BEGIN Record set

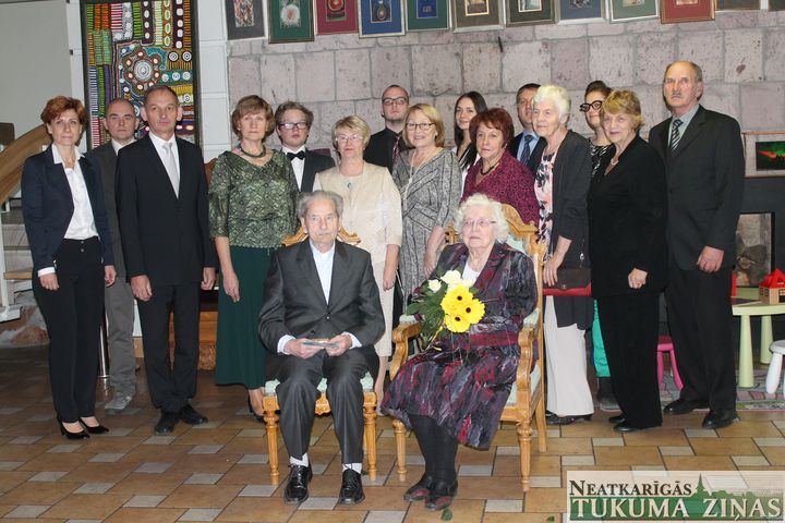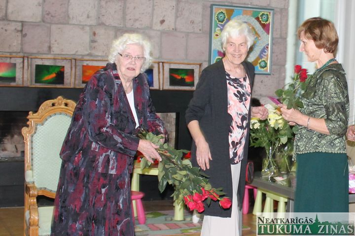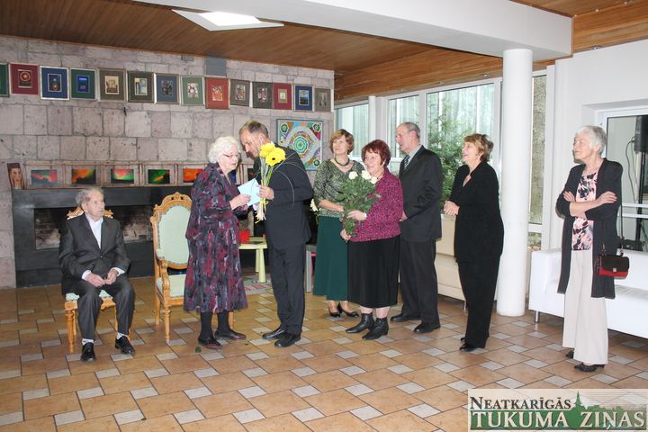 Svētdienā, 26. oktobrī, Tukuma Raiņa ģimnāzijas skolotāji direktores Guntas Aumales vadībā un kora «Savējie» dziedātāji skolotājas Rasmas Valdmanes vadībā sveica savu kolēģi Tiju Kalniņu 90. dzimšanas dienā.
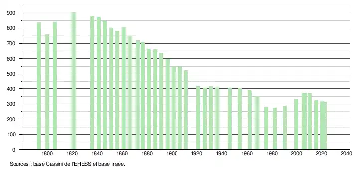 L'évolution du nombre d'habitants est connue à travers les recensements de la population effectués dans la commune depuis 1793. Pour les communes de moins de 10 000 habitants, une enquête de recensement portant sur toute la population est réalisée tous les cinq ans, les populations de référence des années intermédiaires étant quant à elles estimées par interpolation ou extrapolation[26]. Pour la commune, le premier recensement exhaustif entrant dans le cadre du nouveau dispositif a été réalisé en 2005[27].
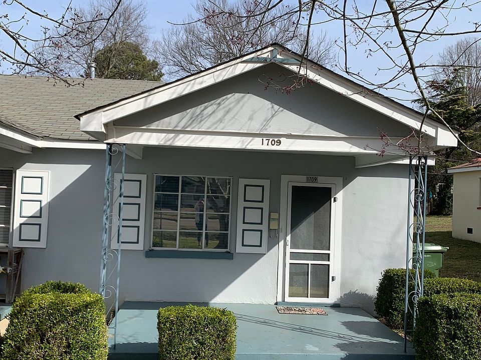 One bedroom apartment duplex apartment in the 5 points neighborhood. Super convenient to downtown Huntsville and the excellent Monte Sano state park. The apartment features laminate flooring with carpeted bedroom, large tiled kitchen with plentiful cabinets, gas heat, window unit AC and a charming private front porch.
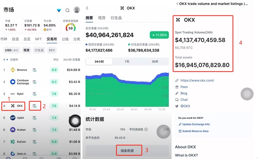 它里面分为几个部分,第一个是他有一个小金币打对钩样式的LOGO,我们点击一下,你能够看到OKX的储备数据,我们点击【储备数据】。储备数据其实就是OKX的资产证明,OKX通过公布自己的资产证明给外界,就能够让外界知道,他的总共资产一共有这么多。
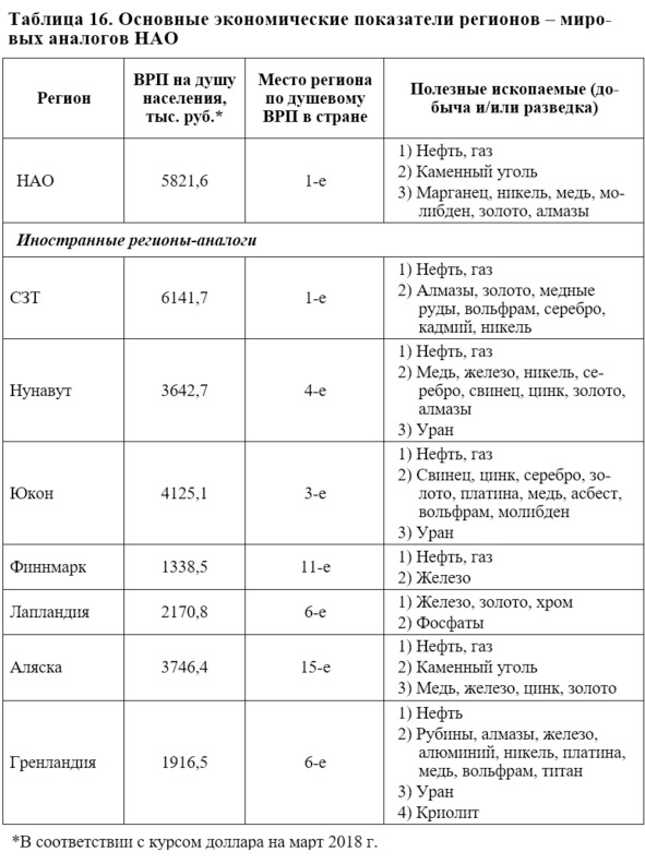 По душевому ВРП среди регионов-аналогов Ненецкий автономный округ занимает второе место, уступая только Северо-Западным Территориям (табл. 16).
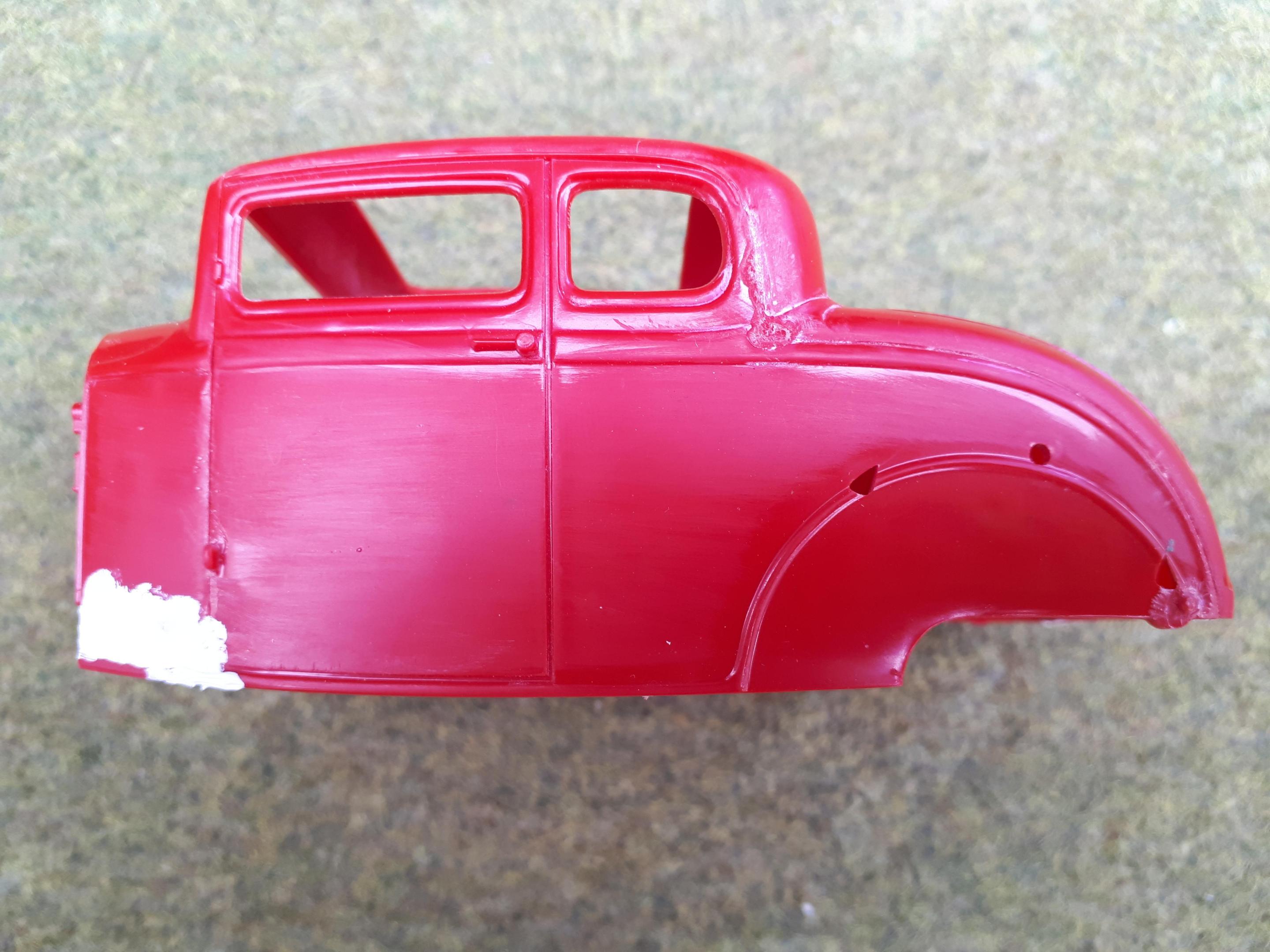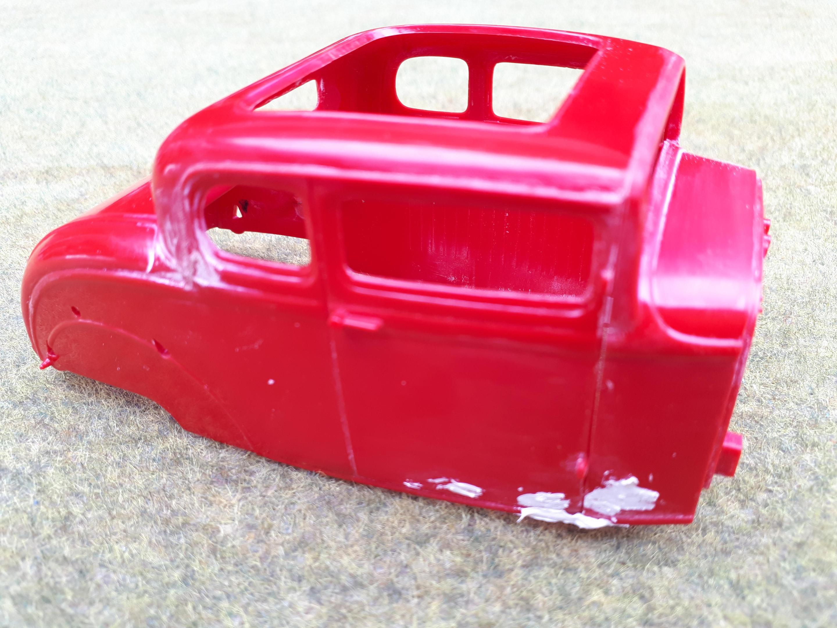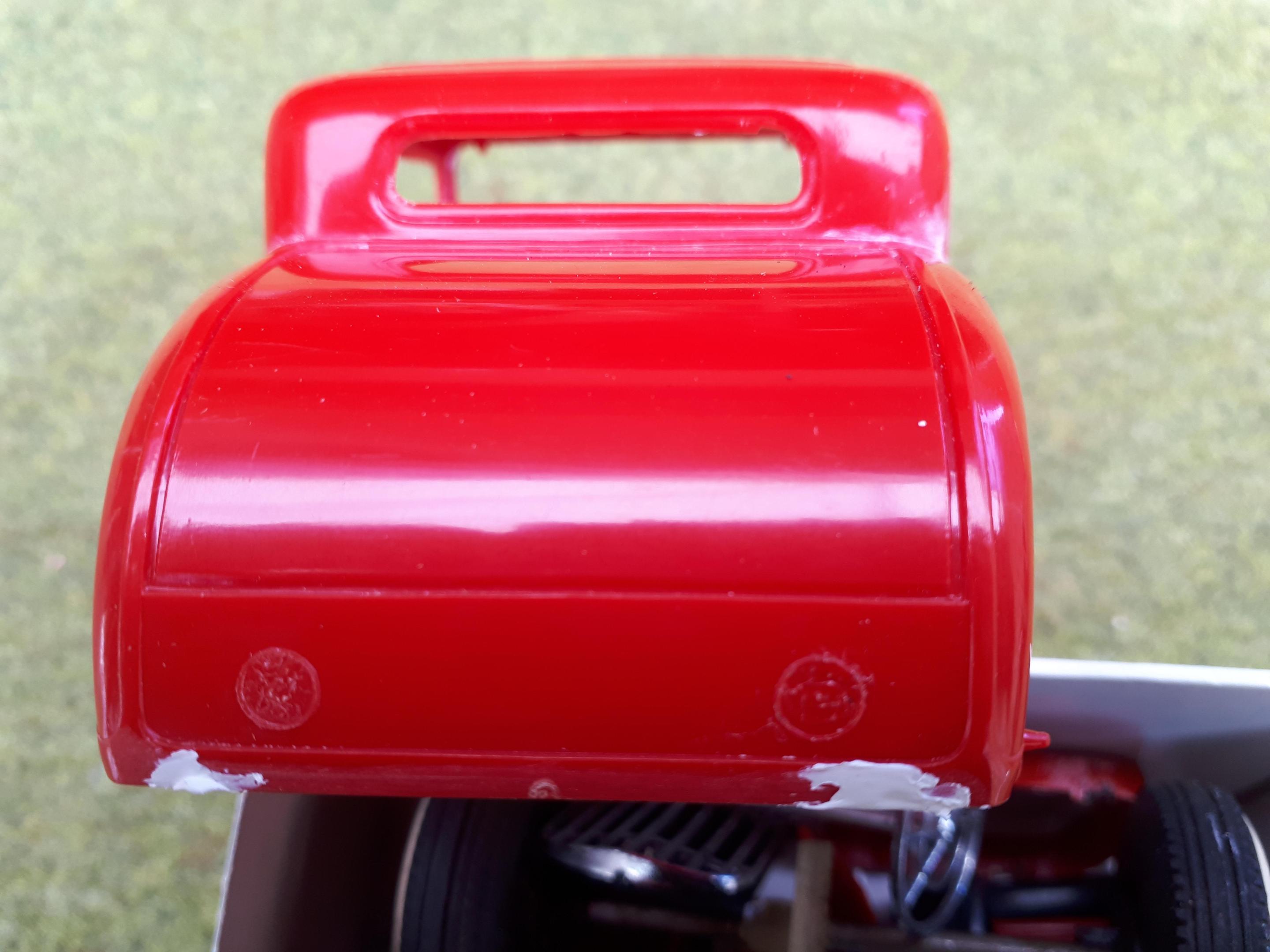 Truth be known I started this project several decades ago, not long after the AMT 34 Tudor came out. At the time I was very unhappy with the progress of my chop so it was put aside. From time to time I reworked it a bit more but it went back in the box each time. Earlier this week I started to look at it again and dug out my original references. Acclaimed Calgary modeller, Vern Sholtz built a replica of this car about thirty years ago but it was sent to a contest and never returned, a great shame considering the calibre of Vern's work. He gave me copies of his reference material and since then I have found two more magazines and a thread on the H.A.M.B. that provide more information. Although this car is very famous it was not around for long so there is not an endless supply of photos of it, especially in colour. My intention is to build it as accurately as possible but make educated guesses on the items that cannot be discerned from available photographs. The first photo is about where I left it a few years ago. Yes, it is a ridiculous chop! That's how it was. I had thought the rear of the driver's compartment was opened through the roof but realised that was incorrect so that has now been corrected. The stock hood sides were removed and replaced with new smooth sides made from flat styrene. The original car had a one piece lift off fibreglass body, the very first one in drag racing and I will be replicating that a feature. The door hinges and the firewall have to be removed as well. One change I would make if I was starting the car today would be to use the fender unit from an AMT 34 5 window coupe. This is because the fenders are closer to the correct stock appearance than the skinny ones in the Tudor kit but I'm not going back now! Cheers Alan

END Record set

=== Aim of the task ===
Transcribe the listing above exactly, but only from the line with "它里面分为几个部分,第一个是" through the line with "По душевому ВРП". Include both of those lines and omit the pictures.

=== Exercise response ===
 它里面分为几个部分,第一个是他有一个小金币打对钩样式的LOGO,我们点击一下,你能够看到OKX的储备数据,我们点击【储备数据】。储备数据其实就是OKX的资产证明,OKX通过公布自己的资产证明给外界,就能够让外界知道,他的总共资产一共有这么多。
 По душевому ВРП среди регионов-аналогов Ненецкий автономный округ занимает второе место, уступая только Северо-Западным Территориям (табл. 16).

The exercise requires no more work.